There’s a Hebrew word that shows up 70 times in the Bible (mostly in the Psalms) that, sadly, many English translations of the Bible have relegated to a footnote. That’s too bad because Selah is such a powerful word. Unless we want to live our lives “running just to catch myself,” we all need a take time to Selah. Look how some have translated this word:

  • “Stop there and consider a little” (Matthew Henry) 
  • “the sacred pause” (Charles Spurgeon) 
  • “pause and calmly think of that” (AMP) 

Whether it’s a planned exercise time or just something that frightens or excites us, our heart rate is designed by God to increase—this is how we prepare for fight-or-flight. Doctors say that one of the most vital statistics they now look at to gauge overall cardio health is heart rate recovery (HRR). Doctors want to see a significant increase in HRR after exercise, fright, or excitement. 
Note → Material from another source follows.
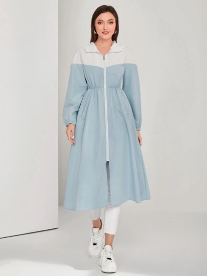Mulvari Two Tone Zip Up Hooded Coat - Blue and White - View 1

A few of the factors that boost HRR:

  • Regular, planned exercise 
  • Getting the proper amount of quality sleep 
  • Reducing stress 

Respond-and-recover is part of a health-building cycle. But if we’re “running just to catch myself” all the time, this time of recovery isn’t happening. Not only are we not recovering well, but we are not properly prepared for the next time our heart needs to start beating faster.   

This HRR is just as vital for us emotionally and spiritually as it is physically: We cannot always be stressed or always be “on.” We need a Selah—a time to stop and consider, a time to take a sacred pause to calmly think. 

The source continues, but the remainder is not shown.